TFS Version Control Concepts 3: Item Versions and the two meanings of 'Changeset'

Let's recap Items one more time.

  1. Items are unique.  They have an ID that no other item does.
  2. Items are versioned.  Like all version control systems, TFVC is about making it easy to store successive versions of the same item and retrieve old ones when necessary.
  3. Items have names.  Yes, plural.  At a rudimentary level, there's a server path showing where it lives on the server and a local path showing where it lives on your filesystem.  More on this later.  Suffice to say names are not unique.
  4. Items have a type.  Either they are an ANSI, UTF-16, Binary, etc. file; or they are a directory.

I think #1 and #4 are self-explanatory.  We covered #3 in great detail last time.  Time to tackle #2.  Versions aren't nearly as tricky as names, but there are some historical and terminology issues to cover.

image

One way to look at the repository is to watch each "slot" over time.  ("Slot" is our slang for "server path in committed space.")  Every time you checkin a new version of an item, two things happen: a unit of work is recorded, and the new contents of that slot going forward is established

So far all of this is common to every version control system ever written.  In addition, modern version control systems support so-called "atomic checkins."  That's actually shorthand for a few related concepts:

  • Multiple files can be checked in during the same transaction.
  • If any files fail to checkin, the entire operation is aborted.
  • Version numbers - or at least some types of version numbers - are consistent across the repository.
  • Metadata is associated with the entire collection of files being committed.

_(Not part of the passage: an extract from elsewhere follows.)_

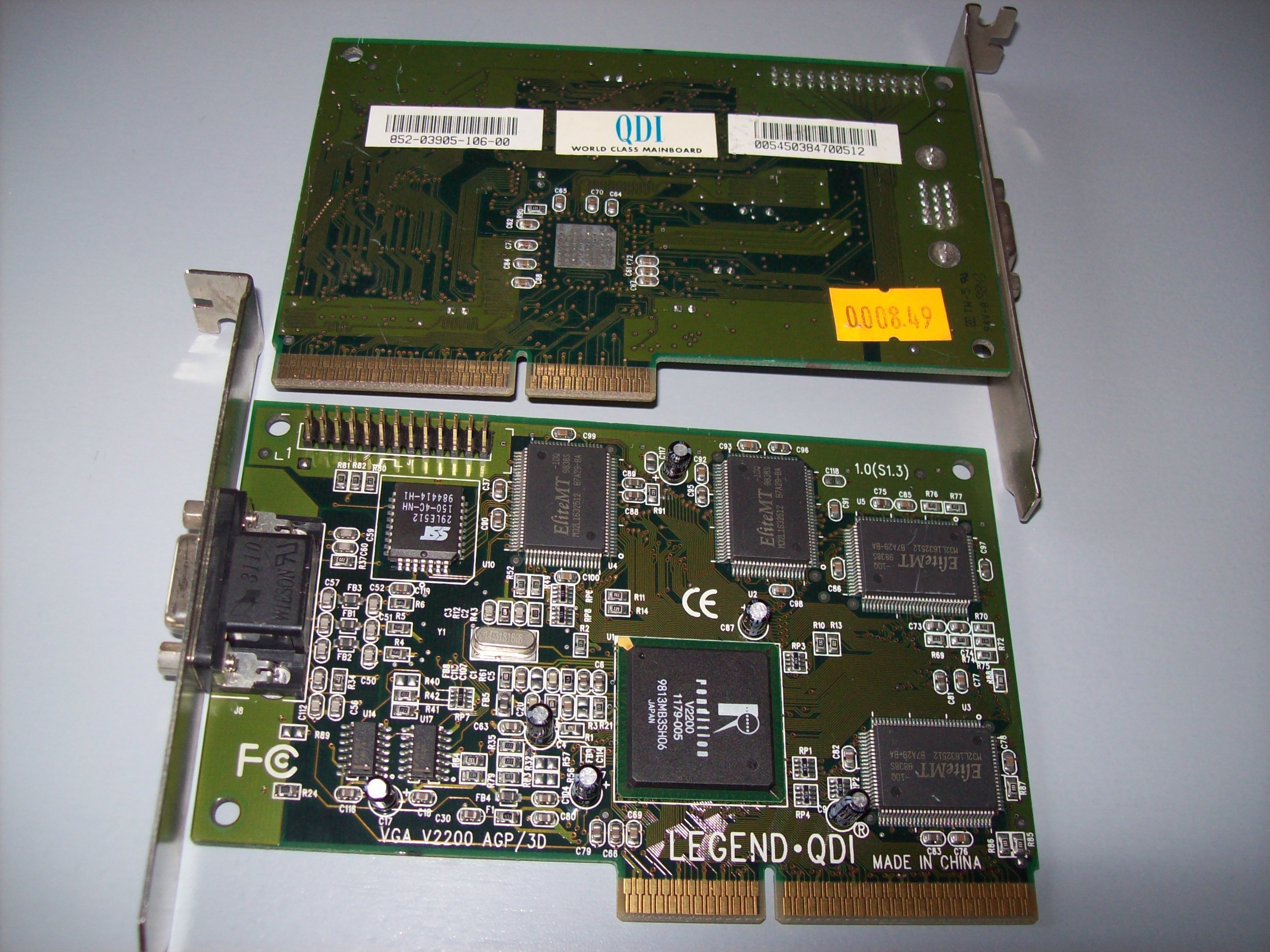 Hier sind zwei (identische) Nachfolger der Karte, die @Maniac81 letztens gepostet hat. Die VGA V2200 AGP/3D von Legend QDI aus dem Jahr 1997. Die AGP-Karte verfügt über 8MB SGRAM und es war der schnellste Rendition-Grafikchip (Vérité V2200) verbaut, der je in Serie ging.

Older systems like CVS and SourceSafe didn't have atomic checkins, so a version was a version (or "revision" in CVS terms).  Individual items in a modern version control system still have versions, but when we introduced atomic checkins to TFS we needed another word to encapsulate the all the new concepts above.  As you probably know, we picked "changeset."  Unfortunately, the word doesn't help distinguish between the "two things" (above in boldface) that happen to the repository upon checkin.  These two distinct meanings sometimes cause confusion:

  1. [adj] A point in time.  The state of the entire repository immediately after a unit of work was committed.  Whenever you specify a "changeset versionspec" in a TFVC command, it takes on this meaning.  In this sense changesets are equivalent to dates.  (Old posts from Adam and James have more details on versionspecs and date specs in particular.) 
  2. [noun] A unit of work.  The files you change during 1 checkin, plus any associated metadata.  Whenever you view the contents of a changeset (tf changeset /i, the Changeset dialog, the output of Checkin) you're seeing this meaning.  Same for work items: when you link bugs to changesets, you're linking them to that specific unit of work.  Unfortunately we don't have an easy way to specify meaning #2 in TFVC commands, except for the 'tfpt getcs' power tool. 

That's a lot of words for a really simple distinction.  Math terms to the rescue once again.  If you think of the repository as a 2D plane like the one pictured above,
meaning #1: all points on a line time = <constant>
meaning #2: a set of revisions that lie on a such a line

By now it should be obvious that a TFVC operation on "changeset versionspec 20" will affect both a.cs and b.cs, while "changeset #20" only contains b.cs.  Unfortunately I don't have a special trick for demarcating which meaning of the word I intend, so I'll try to be unambiguous in future discussions of changesets.